This week brings us two stories in translation. First, “Six Days in Glorious Vienna,” at Hobart, is a quiet story with a punch. By Japanese author Yoko Ogawa and translated by Stephen Snyder, the story is part of the anthology A Kind of Compass: Stories on Distance, released on Thursday by Irish publisher Tramp Press. “Six Days” is indeed about distance, and not just the physical kind. It’s about the distance between past and present, youth and age, the living and the dying.
The story follows a young Japanese woman, our nameless narrator, who has treated herself to a trip to Vienna for her birthday. She shares a hotel room with a fellow Japanese tourist who signed up for the same travel package, an old widow named Kotoko who is quiet and timid and can’t read the alphabet. As it turns out, Kotoko isn’t in Vienna to see the sights. She’s there to visit a former lover who is dying in a nursing home. By some mix of begrudging compassion and duty, the young woman ends up taking Kotoko to the nursing home the first day. And then the next. And the next.
Yoko Ogawa’s descriptions are far more than sensory. Their details reveal character, meaning, emotion. Kotoko carries a purse packed full with chewing gum, throat spray, bottled water, a comb, anything you could possibly need, revealing a nervous and over-prepared woman. The hospice wing of the nursing home faces a sunny courtyard with a blooming garden, while inside the residents wait for death. When Kotoko finds her old lover, it’s only by the name at the end of the bed, all of the patients having been “cloaked in a shroud of old age that concealed their former appearance.” Ogawa’s words reveal so much with so little, such as in this next passage, right after Kotoko has kissed her unconscious lover’s cheek:
She took a damp tissue out of her bag and wiped away the lipstick and then found another and cleaned his mouth and around his eyes. Then for the longest time, she sat next to him, folding and unfolding the tissue, as if reluctant to throw it away.
The story feels quiet, like Kotoko, like the hospice wing. But there’s power in that reserve; it trembles just beneath the surface of the story like the withheld grief of a long death, waiting for release. Kotoko and the narrator return to the nursing home every day for the rest of the trip. They sit by the bedside. They eat lunch in the cafeteria. They stroll in the courtyard and surrounding woods. They wait for Kotoko’s lover to die. The young narrator never gets to see any of the sights of Vienna, but by the end, perhaps she has learned something no museum or walking tour could ever teach.

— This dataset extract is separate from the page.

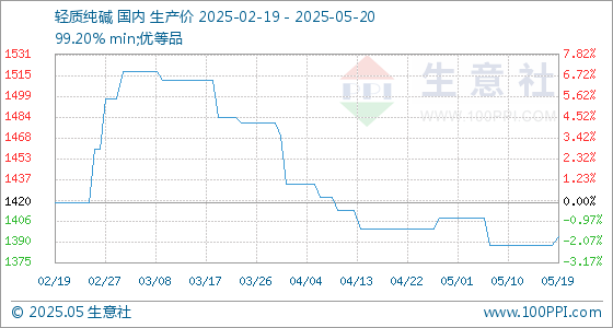 5月20日生意社轻质纯碱基准价为1394.00元/吨

Also in translation this week, “Everything Good That I Know I Learned From Women” by Mexican writer Tryno Maldonado is up at Electric Literature’s Recommended Reading. You can read the English translation by Janet Hendrickson or, for the bilingual among us, leer el original en español. As Guest Editor Jennifer Croft, founder of Buenos Aires Review, writes in her introduction, Maldonado manages, through thirteen short vignettes, to show us not just a boy’s childhood, but also to “interrogate class, gender, sexuality, nation and national identity, the origins of meaning, the origins of violence, political corruption, unions, psychoanalysis, Cormac McCarthy, and more.”
The story is funny, sensitive, irreverent, and, at times, disturbing. It abruptly shifts from laughter-inducing anecdotes to brutality and back again. Take the opening lines:
My mother is a teacher. A preschool teacher. If you want to fuck up a man’s amorous relationships with women for he rest of his life, there’s no more efficient method than this: sign him up for his mother’s preschool class. Good luck, Freud!

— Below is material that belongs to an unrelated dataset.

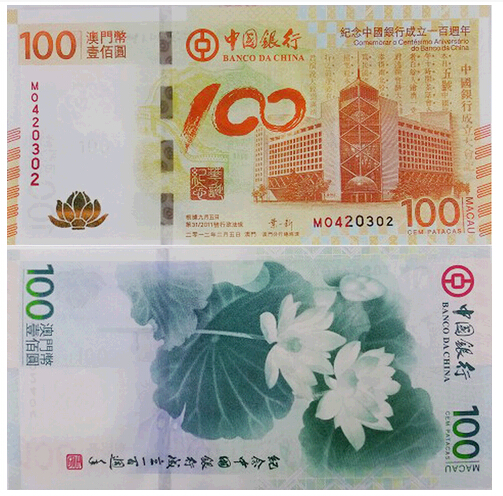 中国银行纪念钞包括香港纪念钞和澳门纪念钞,香港纪念钞的正面是中国银行北京总部的大楼,并搭配了一百年前《申报》关于中国银行成立的报道。正面的中央部位是“100”元的面额,将中国书法的韵味展现的淋漓尽致,正好又能够点明主题。后面是以维多利亚港作为风景,让更多人看到中银香港为香港的繁荣发展做出的卓越贡献。票面以红色作为主要色调,显现出了百年庆典的喜庆和祥和的氛围。背面是香港中银大厦以及维多利亚港的风景,采用金紫荆雕塑作为主要图案,看起来特别美观大气。

And later in the same paragraph, this:
That afternoon my grandmother Amparo told me I would burn in hell for being a pig, and she put out the embers of her cigar on the back of my hand as a taste of what was reserved for me there.

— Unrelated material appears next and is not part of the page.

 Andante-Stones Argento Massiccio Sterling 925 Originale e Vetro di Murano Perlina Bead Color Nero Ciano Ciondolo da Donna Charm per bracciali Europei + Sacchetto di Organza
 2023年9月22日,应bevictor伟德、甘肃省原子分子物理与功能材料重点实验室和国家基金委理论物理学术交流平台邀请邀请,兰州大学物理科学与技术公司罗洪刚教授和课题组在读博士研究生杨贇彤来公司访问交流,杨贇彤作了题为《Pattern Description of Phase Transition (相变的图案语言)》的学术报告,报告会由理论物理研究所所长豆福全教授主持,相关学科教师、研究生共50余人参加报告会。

“Everything Good” is a layered story, seemingly light but so, so heavy. It’s also another wonderful story from a writer just across the language divide, largely unknown in the United States but celebrated in his own language. So let’s all take a moment this week to appreciate the work of the translators who give us precious access to works like these. And, translators, keep ‘em coming!